Do you ever wonder what would happen if?
- Instead of being cranky at the kids you laughed with them,
- You walked right up to that asshat at work and offered to buy him coffee,
- Instead of ignoring your neighbour again, you looked her straight in the eye and said, “Good Morning, how are you?” like you meant it.
What would change if you were brave?
A fellow stepmum asked me a few days ago, how I connected with my stepsons when they were little. The short answer was that I’m not sure I did it very well at all to start with.

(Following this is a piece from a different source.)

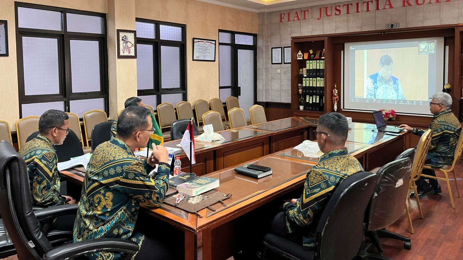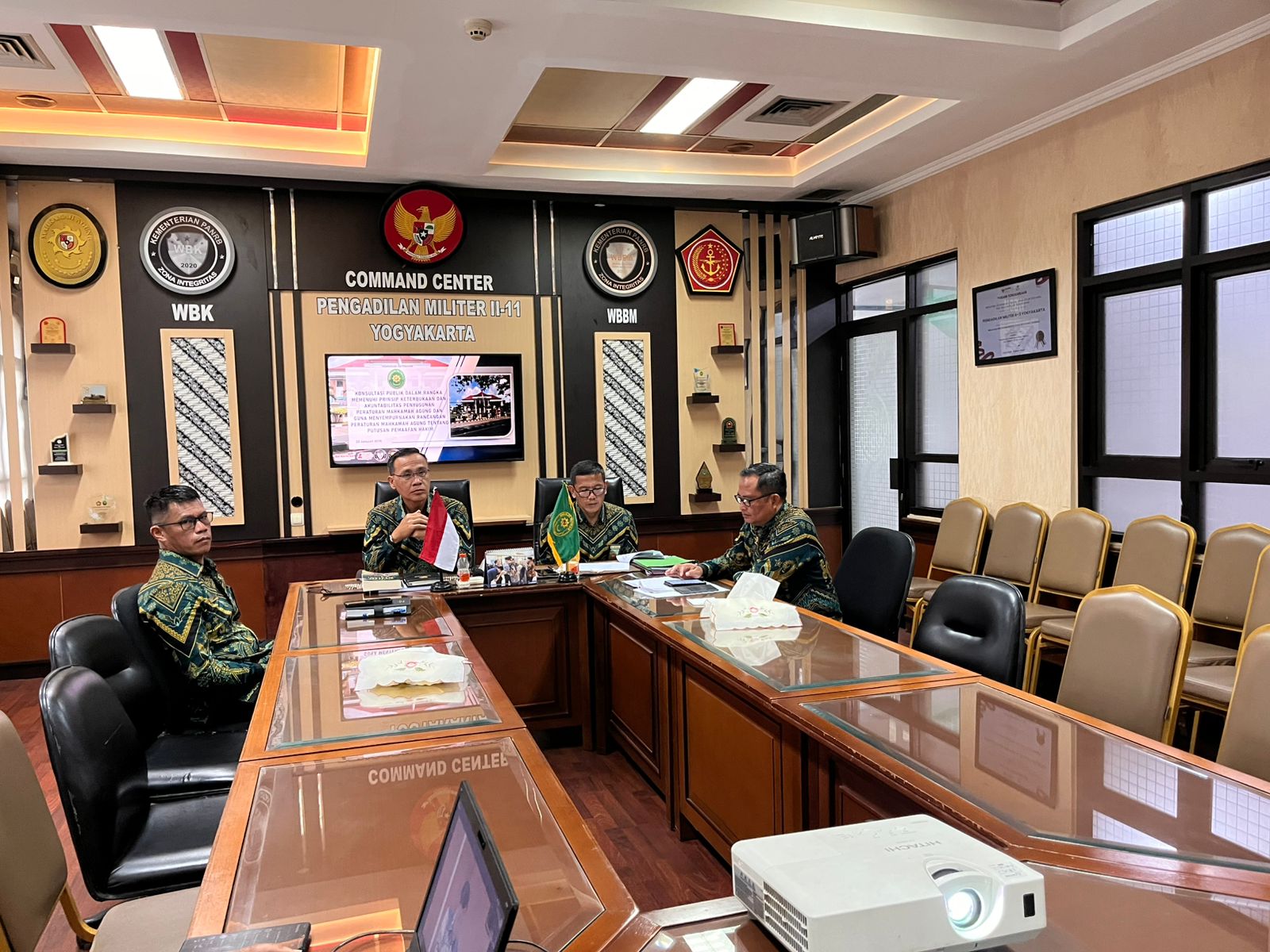 Kepala Pengadilan Militer II-11 Yogyakarta Kolonel Kum Jonarku, S.H., M.H. beserta Wakil Kepala dan para Hakim mengikuti kegiatan konsultasi publik dalam rangka memenuhi prinsip keterbukaan dan akuntabilitas penyusunan Peraturan Mahkamah Agung dan guna menyempurnakan Rancangan Peraturan Mahkamah Agung tentang Putusan Pemaafan Hakim secara daring

I was scared of rejection. I was afraid if I reached out to hug them, they’d reject me, not so much because they didn’t like me, they did (I think), but more for fear of encroaching on their space and creating a reciprocal obligation. I feared they would feel obliged to reciprocate my affection, and as stepkids that might be hard for them, that they might feel disloyal to their mum by hugging me.
It’s awfully complicated when you begin to create a little rainbow family, and I overthought it.
It was much later I started to understand, I mean really understand; there was no reciprocity contract between us, my love for them is unconditional.
I can hand out love and affection in a way that gives them permission to take it without a spit of obligation.
Now they’re both teenagers so the last thing they want is me hugging them – well in public anyway. But I do it anyway and I think they like it, and if they don’t I’m going to do it anyway because I love them, they need to know it, and it feels good.